[Dataset entries]
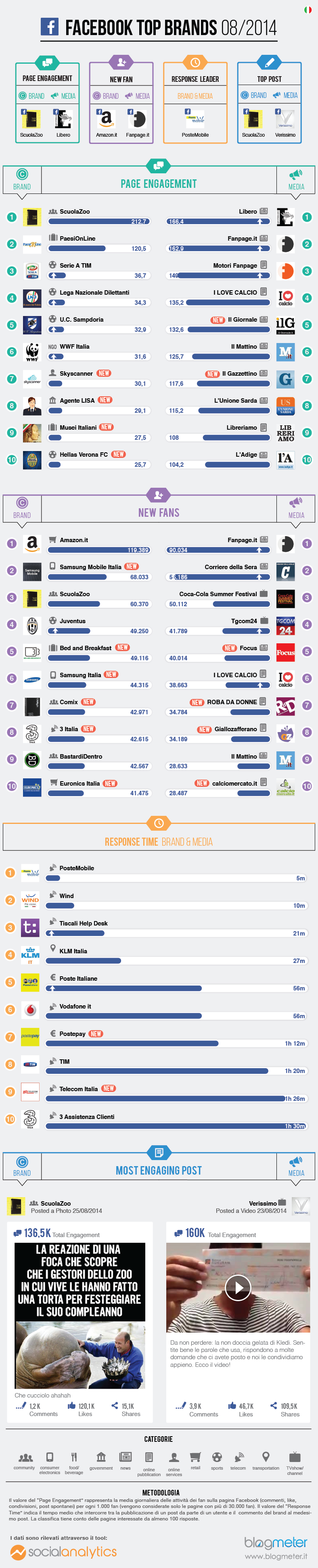 Durante il mese di agosto Blogmeter ha analizzato, attraverso il tool proprietario di Social Analytics , più di 106 milioni di interazioni su oltre 2.900 pagine al fine di redigere la classifica delle migliori aziende su Facebook che si rivolgono ad un pubblico italiano.
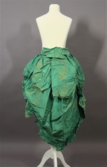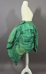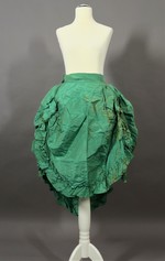 Der Überrock aus apfelgrüner Seide ist aus 4 Bahnen zusammengesetzt, die vorne glatt, an den Seiten und im Rücken aber in breiten Falten am Bund angesetzt sind. Der Rocksaum ist mit einem angekrausten Volant mit Kopf eingefasst und verläuft von vorne nach hinten in einem flachen Bogen nach unten. Diese Linie wird unterbrochen durch die Raffungen an den Seitennähten, die jeweils am oberen Ende mit einer Schleife aus dem Rockstoff besetzt sind.
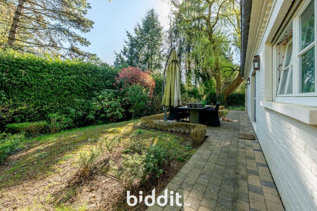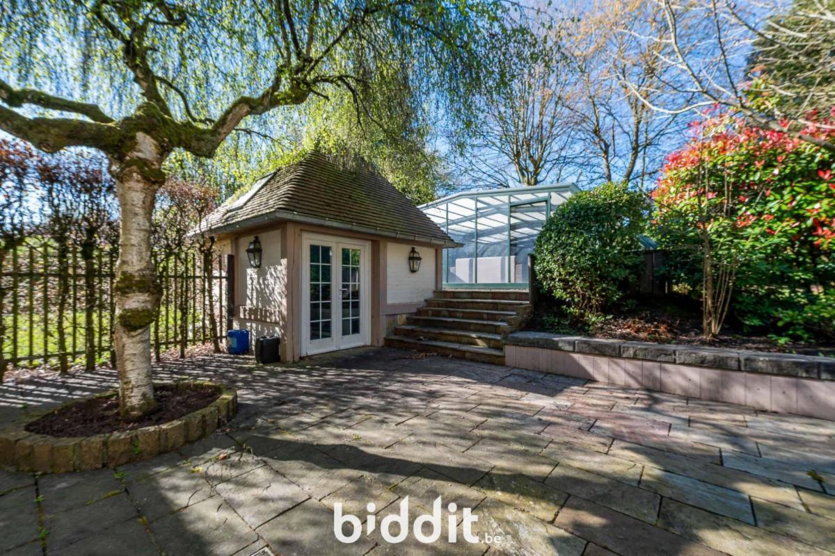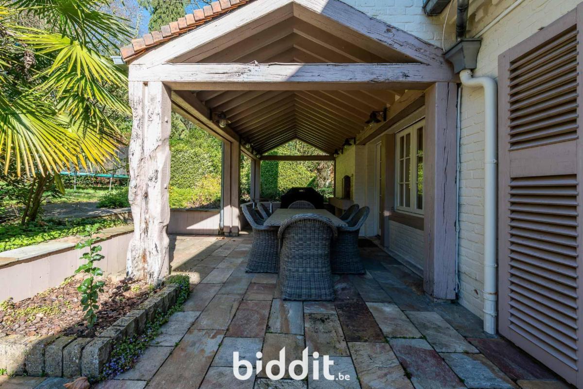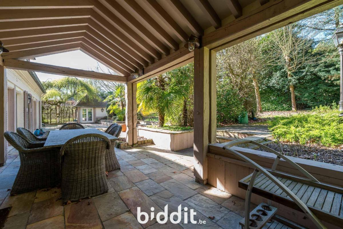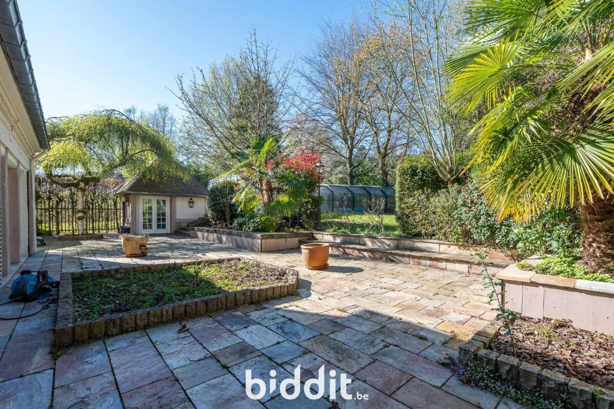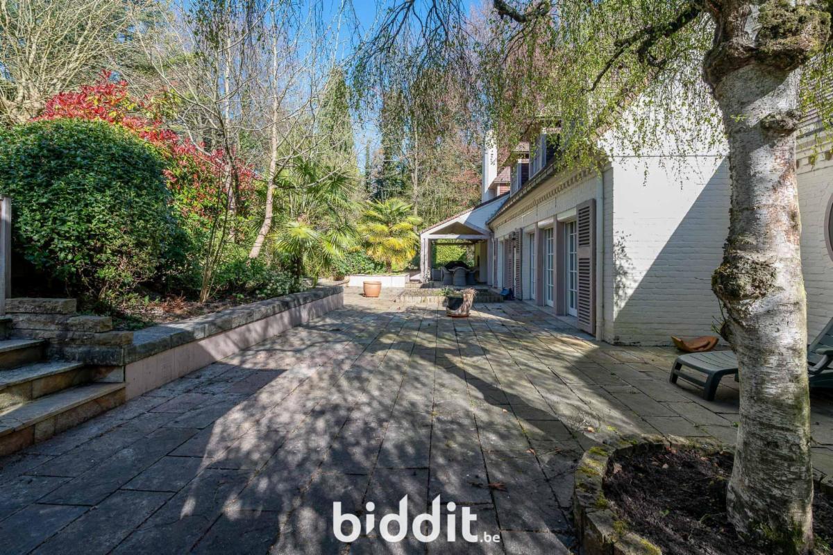 Située sur un terrain de 2 672 m², entièrement entourée de verdure, dans une impasse du quartier résidentiel de Bouchout.
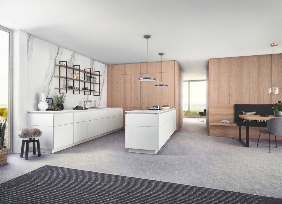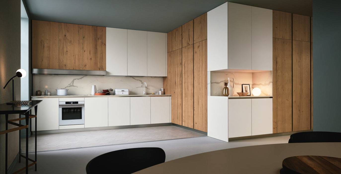 Cette cuisine « Lounge » s’habille d’un superbe plan de travail en quartz Calacatta Soul, de façades en bois Rovere Nodoso Chiaro et du Fenix® Bianco Kos au bel effet mat et toucher velours qui donne de la profondeur à l’ensemble. Veneta
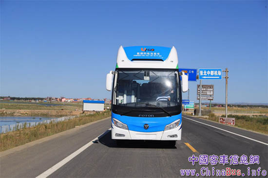 福田歐輝8.5氫燃料電池客車行駛在張北草原,表現(xiàn)出卓越的動(dòng)力性和性能穩(wěn)定性
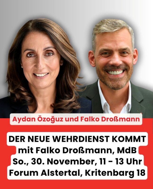 Zu diesem Thema lädt die Wandsbeker Bundestagsabgeordnete Aydan Özoguz gemeinsam mit ihrem Bundestagskollegen Falko Droßmann zu einem Informationsaustausch in das Forum Alstertal in Poppenbüttel ein. Was bedeutet der neue Wehrdienst für junge Menschen, für unsere Sicherheit und für die Gesellschaft? Was ist genau geplant? Kommen Sie vorbei und stellen […]
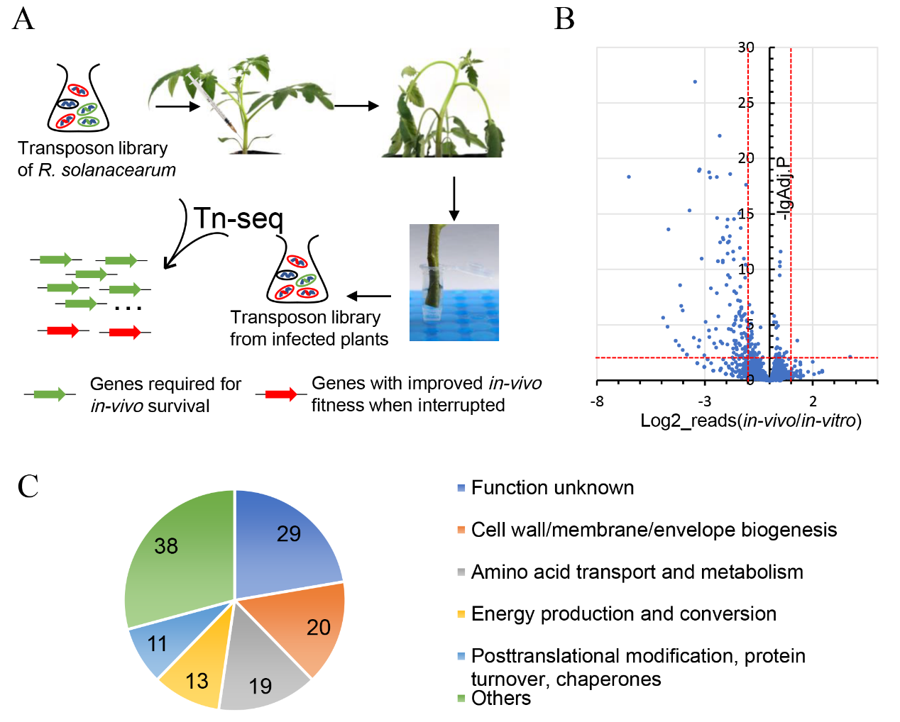 该研究将青枯雷尔氏菌转座插入突变体文库混合接种至宿主番茄植株,利用番茄植株内环境作为选择压力,通过Tn-seq分析了突变体库中各突变体所占有的相对丰度,在侵染宿主番茄前后的变化。从而全基因组鉴定了青枯雷尔氏菌的番茄宿主适应性基因。Tn-seq分析发现,青枯雷尔氏菌的“细胞壁/膜/生物膜合成”、“氨基酸的转运与代谢”、“能量产生和转化”、“翻译后修饰、蛋白质周转和伴侣”等相关基因对其在番茄植株中的生存起到重要作用。随后,该研究就每个功能类选择了部分基因实施单一敲除,测定了基因缺失突变体的致病力、植物体内定殖能力以及竞争适应性,验证了Tn-seq结果的准确性。综上所述,该研究全基因组鉴定并验证了青枯雷尔氏菌的番茄宿主适应性基因,有助于全面了解青枯雷尔氏菌的致病机制。
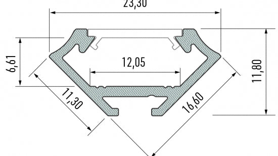 C Lumines Aluprofil Ecke mit einem Neigungswinkel von 45 Grad LED. Eines der modernsten und minimalistisches Design. Hervorragend geeignet für Designer Kombination von zwei senkrechten Flächen und überall dort , wo es notwendig ist , das Licht , das aus dem Profil in einem Winkel von 45 Grad zu lenken.
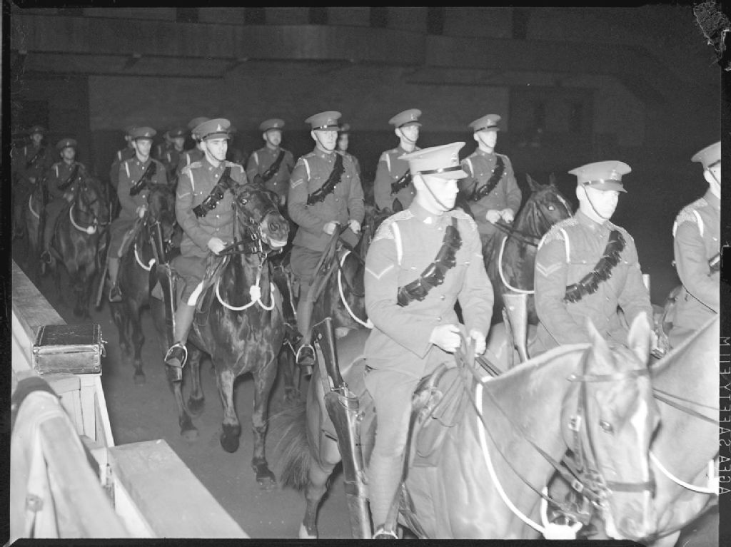 Des cavaliers du régiment «17th Hussars» défilent en rang dans une caserne de Montréal
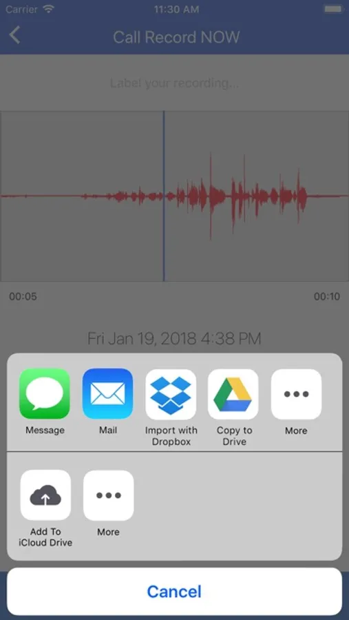 Share your recorded calls from within the app as an MP3 via:
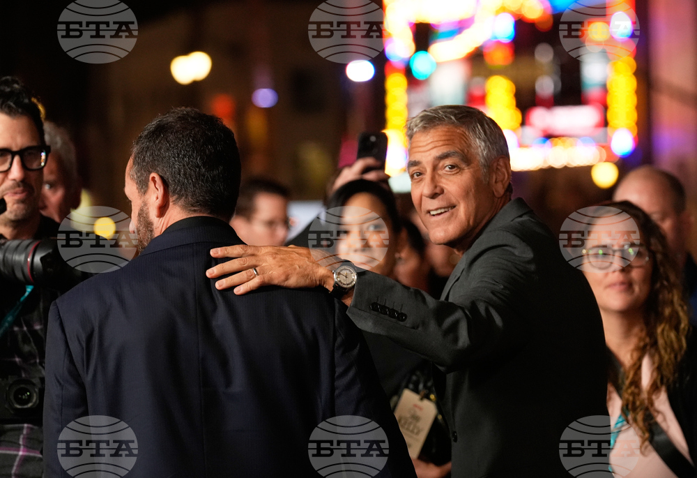 George Clooney, right, a cast member in "Jay Kelly," turns back for photographers as he arrives with fellow cast member Adam Sandler at the AFI Fest premiere of the film on Thursday, Oct. 23, 2025, at TCL Chinese Theatre in Los Angeles. (AP Photo/Chris Pizzello)
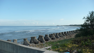 過池和橋後, 西濱道路上兩邊都有小路, 右轉下去, 才可以接到新豐紅毛港自行車道/新屋綠色隧道/濱海林蔭大道, 否則就會直接殺到永安漁港了.
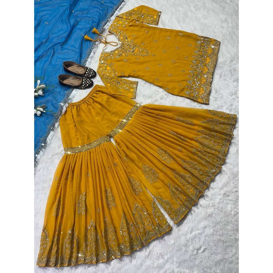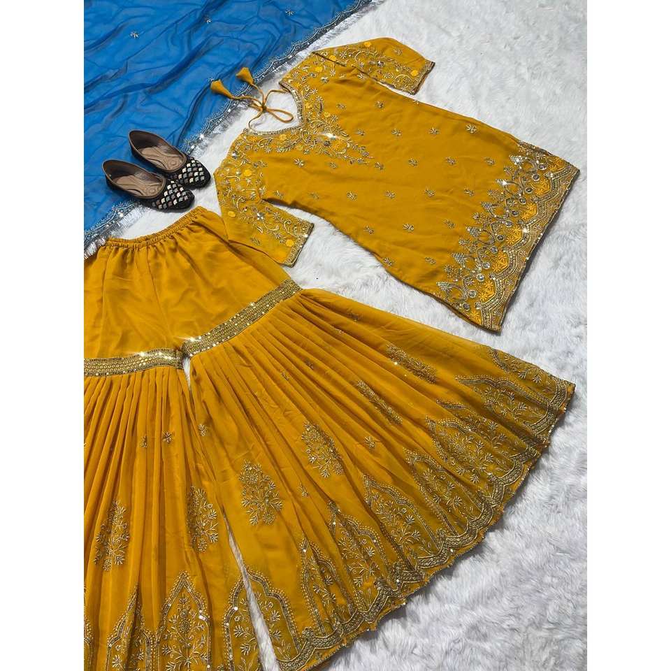 Belle combinaison de fête avec séquence de travail Top Sharara élégant pour les occasions spéciales
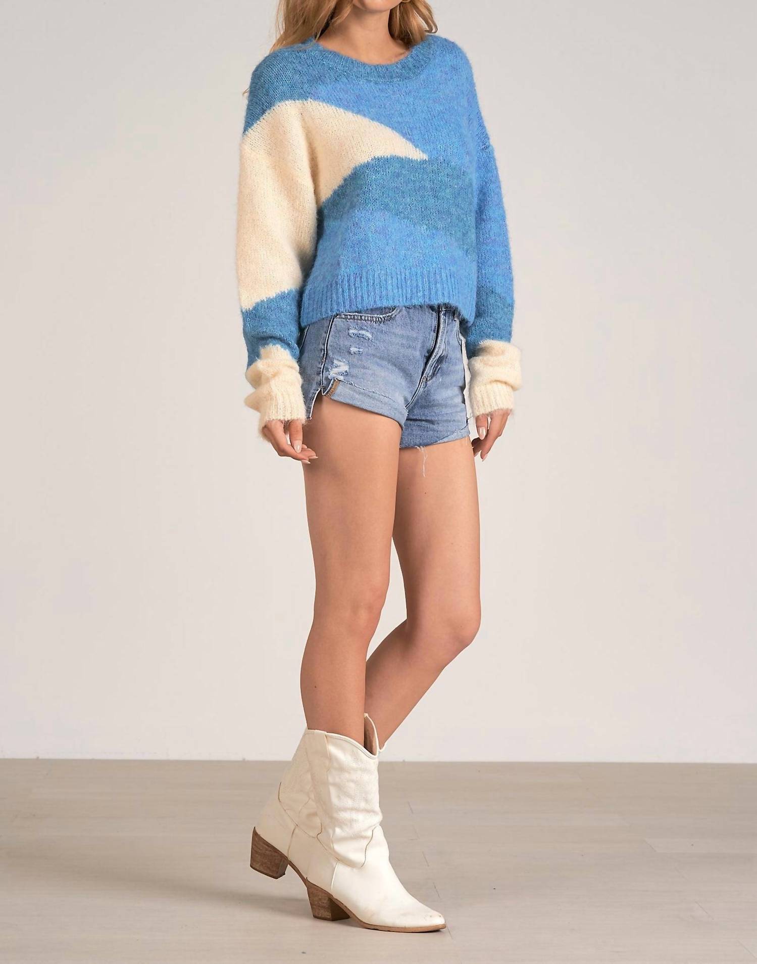 Experimente a combinação perfeita de conforto e estilo com este suéter moderno de gola redonda, projetado para elevar seu guarda-roupa sem esforço. Combine-o com seu jeans e mocassins favoritos para o look perfeito. Apresentamos o suéter de gola redonda Triangles da ELAN, uma adição elegante ao seu guarda-roupa de noite. Este suéter feminino azul possui mangas compridas e gola careca, oferecendo conforto e estilo para ocasiões de outono. Com seu padrão texturizado, é perfeito para adicionar um toque de sofisticação ao seu visual. Fechamento: Puxe para vestir.
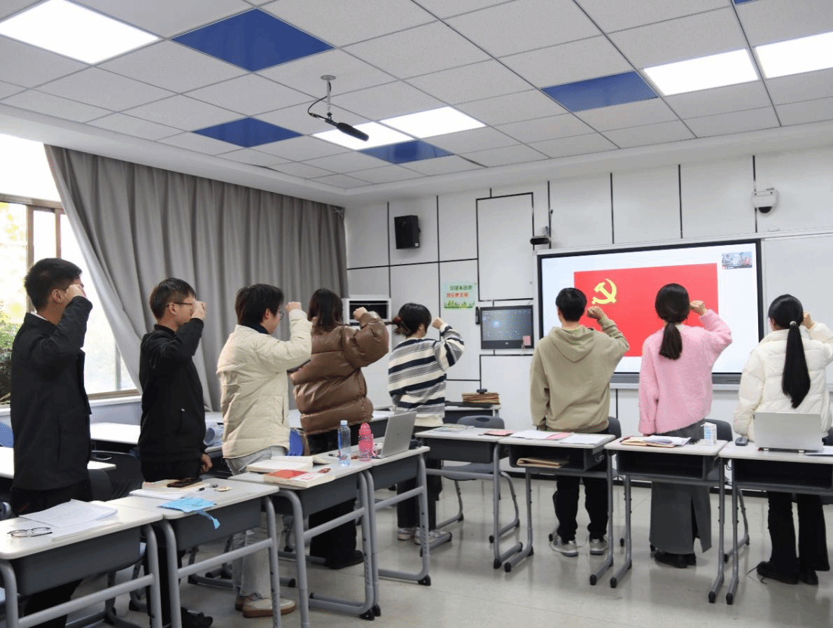 会议最后,支部党员为新党员佩戴党徽并且带领新党员郑重进行了入党宣誓,为他们的政治生涯打开了全新的篇章。与此同时,与会党员重温了入党誓词深刻回顾自己的初心与使命。

§ **PROBLEM TO SOLVE**
Return the lines exactly as they stand, from the start of the entries through the line holding "Der Überrock aus"; omit the pictures.

§ **RESPONSE TO THIS TASK**
 Durante il mese di agosto Blogmeter ha analizzato, attraverso il tool proprietario di Social Analytics , più di 106 milioni di interazioni su oltre 2.900 pagine al fine di redigere la classifica delle migliori aziende su Facebook che si rivolgono ad un pubblico italiano.
 Der Überrock aus apfelgrüner Seide ist aus 4 Bahnen zusammengesetzt, die vorne glatt, an den Seiten und im Rücken aber in breiten Falten am Bund angesetzt sind. Der Rocksaum ist mit einem angekrausten Volant mit Kopf eingefasst und verläuft von vorne nach hinten in einem flachen Bogen nach unten. Diese Linie wird unterbrochen durch die Raffungen an den Seitennähten, die jeweils am oberen Ende mit einer Schleife aus dem Rockstoff besetzt sind.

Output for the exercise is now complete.